Abstract
Abstract. Baseflow recession analysis and groundwater dating have up to now developed as two distinct branches of hydrogeology and have been used to solve entirely different problems. We show that by combining two classical models, namely the Boussinesq equation describing spring baseflow recession, and the exponential piston-flow model used in groundwater dating studies, the parameters describing the transit time distribution of an aquifer can be in some cases estimated to a far more accurate degree than with the latter alone. Under the assumption that the aquifer basis is sub-horizontal, the mean transit time of water in the saturated zone can be estimated from spring baseflow recession. This provides an independent estimate of groundwater transit time that can refine those obtained from tritium measurements. The approach is illustrated in a case study predicting atrazine concentration trend in a series of springs draining the fractured-rock aquifer known as the Luxembourg Sandstone. A transport model calibrated on tritium measurements alone predicted different times to trend reversal following the nationwide ban on atrazine in 2005 with different rates of decrease. For some of the springs, the actual time of trend reversal and the rate of change agreed extremely well with the model calibrated using both tritium measurements and the recession of spring discharge during the dry season.

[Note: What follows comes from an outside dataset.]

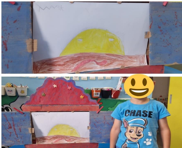
Slika 17. Dječji rad: Superglista

The agreement between predicted and observed values was however poorer for the springs displaying the most gentle recessions, possibly indicating a stronger influence of continuous groundwater recharge during the summer months.
Highlights
Spring baseflow recession analysis has a long history in hydrology, starting more than a century ago when Boussinesq and Maillet proposed using quadratic or exponential laws to describe spring recession (Boussinesq, 1904; Maillet, 1905)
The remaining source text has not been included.